Спустя несколько лет, овладев искусством языка жестов, я потерял обоняние, а через три месяца после этого полностью исчезли вкусовые ощущения. Доктора не могли замедлить развитие болезни и вместо этого пытались поддерживать меня счастливым, пока я ждал, когда зрение и осязание полностью исчезнут из моей жизни.
И я жду этого уже на протяжении десяти лет.
Жду, когда я проснусь слепым и не смогу увидеть солнце.
Жду, что когда перевернусь дотянуться до одеяла, обнаружу, что рука уже держит его. Когда исчезнет осязание — исчезну и я. Я буду лишь пустым сосудом, живущим вечностью безмолвия, потому что даже если бы меня окружали люди, я бы не заметил этого.
Мою минутку отчаяния прерывает медсестра, заглядывая ко мне с улыбкой.
«У вас посетитель», — произносит она губами, и я предполагаю, что в тринадцатый раз вернулась мама, чтобы дрожать надо мной, благодарить Бога за то, что я жив, хоть в ее взгляде все еще и появляется стыд при виде меня. Я откидываюсь на подушку и закатываю глаза, после чего машу ей. Дверь приоткрывается, и меня встречает тот же яркий взгляд, который я видел в тот вечер на улице. Взгляд женщины, которую я спас.
Я сажусь немного прямее и провожу рукой по волосам. Любому будет неудобно предстать перед незнакомцем неряшливым, даже такому опустошенному ничтожеству, как я. Поправив дешевый больничный халат, я натягиваю свое лучшее бодрое выражение, пусть у морфия и другие планы на меня.

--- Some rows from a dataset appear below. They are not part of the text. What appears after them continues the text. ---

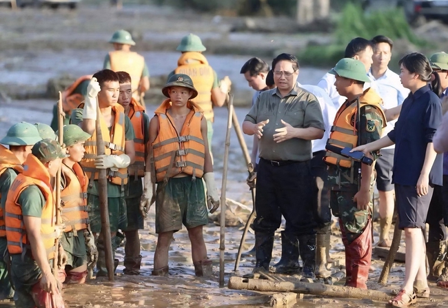 Thủ tướng Phạm Minh Chính tới hiện trường vụ sạt lở đất vùi lấp thôn Làng Nủ (Lào Cai) sau bão số 3 Yagi làm 60 người tử vong, 7 người mất tích tích hồi tháng 9-2024.
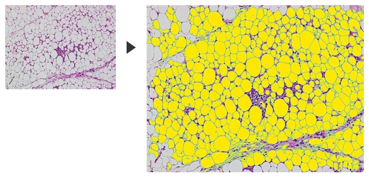 - ハイブリッドセルカウントを使用して、隣接する脂肪細胞のひとつひとつを抽出し、カウントすることができます。
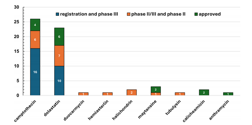 · 技术融合创新:半合成和全合成技术解决天然产物供应短缺问题(如苔藓抑素1 通过全合成实现临床试验供应);ADC 技术与天然产物结合打造精准治疗新范式,拓展其在肿瘤治疗中的应用。
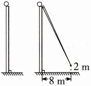 8. 如图,小亮将升旗的绳子拉到旗杆底端,绳子末端刚好接触到地面,然后将绳子末端拉到距离旗杆8m处,发现此时绳子末端距离地面2m,则旗杆的高度为(滑轮上方的部分忽略不计) ……………………(
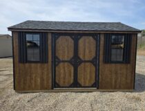 Here we have a great looking 10×14 HD Side Entry Peak Storage shed. With upgraded polyurethane stain paint to enhance the beauty of this shed and offers ample storage space for your back yard space makes it the perfect choice. Stop by today to check this model out or design one to your preferences.

Женщина закрывает дверь и дает заглянуть ей в лицо. Я замечаю несколько царапин, видимо, от тротуара, когда я спасал ее от участи, которую готов был с радостью перенять, но в целом она выглядит нормально. Ее щеки покрывает румянец, и я не могу понять — это от нахождения в больничной палате с незнакомцем, спасшим ее, или от косметики. Она пристально смотрит на меня еще минуту, а затем садится на стул рядом с койкой.